Is that because they are produced else where i.e. shortly after the big bang?
 
  • #4
Jimmy87 said:
Is that because they are produced else where i.e. shortly after the big bang?
Obviously. Stars couldn't form unless they had something from which to form.
 
  • #5
SteamKing said:
Obviously. Stars couldn't form unless they had something from which to form.
How is that obvious? Stars are formed from hydrogen not helium aren't they?
 
  • #6
Jimmy87 said:
How is that obvious? Stars are formed from hydrogen not helium aren't they?
Yes, that's true. But the hydrogen and the helium had to come from somewhere before the first stars evolved. The Big Bang did not create the first stars; therefore you need star stuff before you can have stars.
 
  • #7
Jimmy87 said:
Is that because they are produced else where i.e. shortly after the big bang?
Look at the Wikipedia entry for the Big Bang .

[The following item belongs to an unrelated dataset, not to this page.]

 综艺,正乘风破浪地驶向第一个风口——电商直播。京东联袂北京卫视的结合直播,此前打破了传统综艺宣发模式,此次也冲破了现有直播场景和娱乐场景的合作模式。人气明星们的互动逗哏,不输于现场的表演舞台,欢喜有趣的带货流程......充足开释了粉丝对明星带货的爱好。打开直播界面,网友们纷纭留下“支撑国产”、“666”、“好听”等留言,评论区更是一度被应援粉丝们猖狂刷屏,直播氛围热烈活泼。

More interesting to me is the Wikipedia entry Big_Bang_nucleosynthesis .

The beginning of this reads:

In physical cosmology, Big Bang nucleosynthesis (abbreviated BBN, also known as primordial nucleosynthesis) refers to the production of nuclei other than those of the lightest isotope of hydrogen (hydrogen-1, 1H, having a single proton as a nucleus) during the early phases of the universe. Primordial nucleosynthesis is believed by most cosmologists to have taken place from 10 seconds to 20 minutes after the Big Bang, and is calculated to be responsible for the formation of most of the universe's helium as the isotope helium-4 (4He), along with small amounts of the hydrogen isotope deuterium (2H or D), the helium isotope helium-3 (3He), and a very small amount of the lithium isotope lithium-7 (7Li). In addition to these stable nuclei, two unstable or radioactive isotopes were also produced: the heavy hydrogen isotope tritium (3H or T); and the beryllium isotope beryllium-7 (7Be); but these unstable isotopes later decayed into 3He and 7Li, as above.

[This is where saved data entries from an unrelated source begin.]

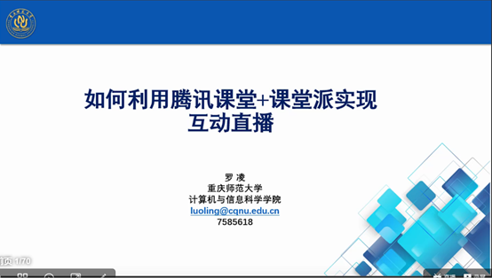 “工欲善其事,必先利其器”。为积极应对疫情防控,保障研究生在线教学及指导,学院认真贯彻落实上级网上教学工作相关要求,组织学院老师发挥专长,为老师解忧,为在线教学保驾护航。建立了“研究生授课教师QQ群或钉钉群”。选用钉钉课堂、腾讯课堂等多种网络工具和线上平台,保证课程质量,做到标准不降、内容不减,切实保障研究生在线教学及指导。结合学院在现代教育技术、教育信息化研究的特长,利用导师团队已经开发建设的在线课程开展在线教学。目前已开发建设了多门在线开发课程,包括《Python程序设计基础》、《微课制作之Camtasia Studio教程》、《人工智能》等课程。为当前的线上教学提供了有力支撑,方便了其他选用该课程的研究生享用优质的课程资源。学院教学团队为了解决师生在线教学的一些技术难题,精心录制了一些在线平台使用视频,包括“腾讯课堂+课堂派直播教学”、“钉钉课堂+CCtalk直播教学”等。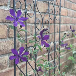 レイニーブルーのアーチをくぐったその先の2つ目のアーチには両方からクレマチスを這わせました。 右側の大河はまだ2.3個咲き始めたばかりですが左側のアフロディーテエレガフミナはたくさん咲き出しました💙 二つのクレマチスがアーチを登って出会えるのは何年後かな~?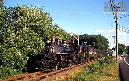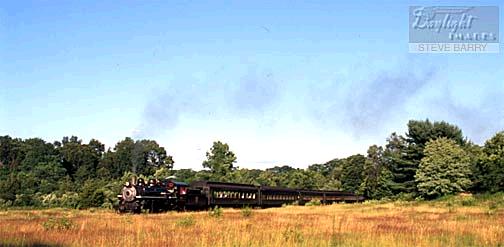 The Convention opened on July 11th with a trip over the Valley Railroad, with 2-8-2 No.40 dpoing the honors. Th excursion train performs a runby in the big field just north of the Essex, Connecticut, station.

Essentially all of the elements that are heavier than lithium and beryllium were created much later, by stellar nucleosynthesis in evolving and exploding stars.

(Wikipedia® is a registered trademark of the Wikimedia Foundation, Inc., a non-profit organization.)​

An additional question might be regarding which of these elements; helium, carbon, gold and/or iron, might (else might not) be formed in a star by fusion. (That is: prior to any explosion type of episode.)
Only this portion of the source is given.